O primeiro-ministro, Luís Montenegro, reconheceu que foi "provocatório" nas suas mais recentes declarações sobre o uso de auriculares por jornalistas, considerando, contudo, que a reação de vários quadrantes foi "manifestamente exagerada" e "descontextualizada". Segundo Montenegro, o objetivo era defender que "a cobertura de um evento ou acontecimento deve concentrar-se mais nisso e evitar a canibalização dos temas".
Num artigo de opinião publicado pelo semanário Expresso, na quinta-feira, Luís Montenegro justificou-se sobre as várias apreciações que fez sobre a atividade jornalística, na abertura da conferência 'O Futuro dos Media', especificamente o facto de ter lamentado ver jornalistas com "um auricular no qual lhe estão a soprar a pergunta que devem fazer".
Lembrando o plano que o Governo apresentou, com medidas "tendentes a valorizar o trabalho dos órgãos 'tradicionais' num quadro novo do ponto de vista tecnológico e concorrencial, ao mesmo tempo que visa incentivar e estimular o jornalismo 'puro'", Montenegro recordou no artigo de opinião que defendeu também que o "regime precisa tanto de bons políticos como de bons jornalistas", com "informação rigorosa, isenta e que não vá apenas atrás do tema do dia ".
"Dei como exemplo a própria conferência em que participava e aproveitei para reiterar que, em meu entender, a cobertura de um evento ou acontecimento deve concentrar-se mais nisso e evitar a canibalização dos temas que se afunilam na procura incessante pela reação do chamado 'assunto do dia'", escreveu.
Para exemplificar, o primeiro-ministro referiu que "nos últimos dois anos" se confrontou com isso mesmo "inúmeras vezes", quando percorreu, "com a imprensa, os 308 municípios do país". "Não raras vezes estava a falar de temas concretos, que na minha perspetiva eram relevantes (como, por exemplo, a política florestal ou a política da água), respondendo a perguntas pertinentes dos jornalistas, e, de repente, percebia que eles eram instados a mudar de tema e a fazer as perguntas que lhes eram solicitadas sobre o tal 'assunto do dia'", referiu, frisando ainda que também pediu ao "jornalismo puro' que não fosse atrás das ondas facciosas e desreguladas das redes sociais".
"Não desconheço a utilidade dos auriculares e dos telemóveis no exercício profissional dos jornalistas e também não desconheço a utilidade e o potencial das redes sociais, quando utilizadas com rigor.
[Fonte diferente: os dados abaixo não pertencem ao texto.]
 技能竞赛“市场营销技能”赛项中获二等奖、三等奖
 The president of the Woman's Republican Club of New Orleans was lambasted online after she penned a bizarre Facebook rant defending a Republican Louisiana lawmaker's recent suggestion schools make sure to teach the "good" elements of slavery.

Eu próprio e os membros do meu Governo utilizamos esses aparelhos na nossa intercomunicação e as redes sociais como poderosa ferramenta de comunicação direta. A questão que abordei não era essa", defendeu, acrescentando que a sua "perspetiva foi sempre de valorização do papel insubstituível do jornalismo e da sua afirmação pela qualidade e responsabilidade".
"Aceito que fui provocatório q.b., mas a reação a que assisti de vários quadrantes, além de manifestamente exagerada, foi muito descontextualizada. Sim, porque havia um contexto", rematou.
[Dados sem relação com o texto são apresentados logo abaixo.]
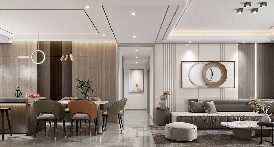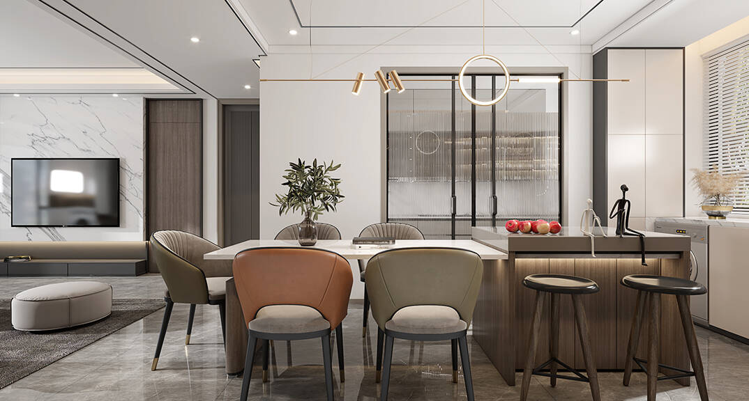 以簡潔、清晰和功能性為特征的室內(nèi)設(shè)計(jì);它主要強(qiáng)調(diào)了空間的簡化和精煉,追求線條簡單、空間通透、色彩明亮、材質(zhì)自然等特點(diǎn),注重形式與功能的結(jié)合。他們希望有一個(gè)時(shí)尚、現(xiàn)代的功能性空間,在整個(gè)空間的設(shè)計(jì)上用了暖灰調(diào)來與簡約的線條感來相呼應(yīng),能改造出一個(gè)通透、流暢的空間感。
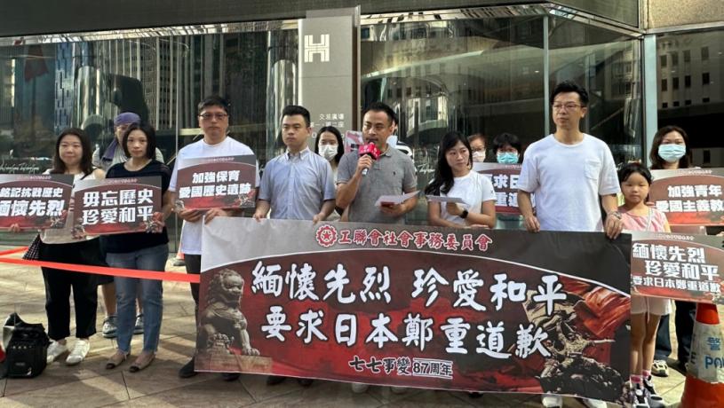 工聯會社會事務委員會今日(7日)就「七七盧溝橋事變」87周年,到日本駐港總領事館請願,要求日本正視侵華歷史和鄭重道歉,並呼籲市民銘記歷史,緬懷先烈。工聯會促請政府加強推廣愛國教育,讓年青一代真正認識史實,增強民族自豪感。
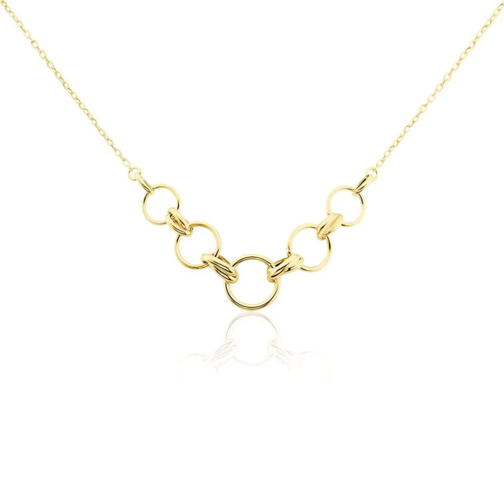 Collier Or Jaune 375/1000 Cercle Ajouré Alterné Avec Double Anneaux Oval Entrelacé Maille Forçat 42+3cm

Recorde-se que Governo apresentou, na terça-feira, o Plano de Ação para a Comunicação Social, no qual prevê a eliminação gradual da publicidade comercial na RTP até 2027, a compensar com "espaços de promoção de eventos e iniciativas culturais", é a maior novidade do plano, onde se prevê igualmente a revisão do contrato de concessão do serviço público, a fim de "modernizar" e "diferenciar" a televisão do Estado dos outros canais.
Na parte final da sua intervenção, durante a apresentação, o líder do Executivo abordou a questão sobre a valorização da carreira do jornalista, mas com algumas críticas em relação ao desempenho de alguns profissionais deste setor.
"Vou fazer aqui esta pequena provocação, não é para criticar ninguém em especial. É só para verem como é que eu, do lado cá, que também é a minha obrigação, me impressionam, seja pela positiva, seja pela negativa", advertiu, na altura.
A seguir foi direto ao assunto: "Uma das coisas que mais me impressiona hoje, quero dizer-vos aqui olhos nos olhos, é estar com seis ou sete câmaras à minha frente e ter os jornalistas a fazerem-me perguntas sobre determinado acontecimento e ver que a maior parte deles tem um auricular no qual lhe estão a soprar a pergunta que devem fazer. E outros à minha frente pegam no telefone e fazem a pergunta que já estava previamente feita", declarou.
"Assim, os senhores jornalistas não estão a valorizar a sua própria profissão, porque parece que está tudo teleguiado, está tudo predeterminado", criticou.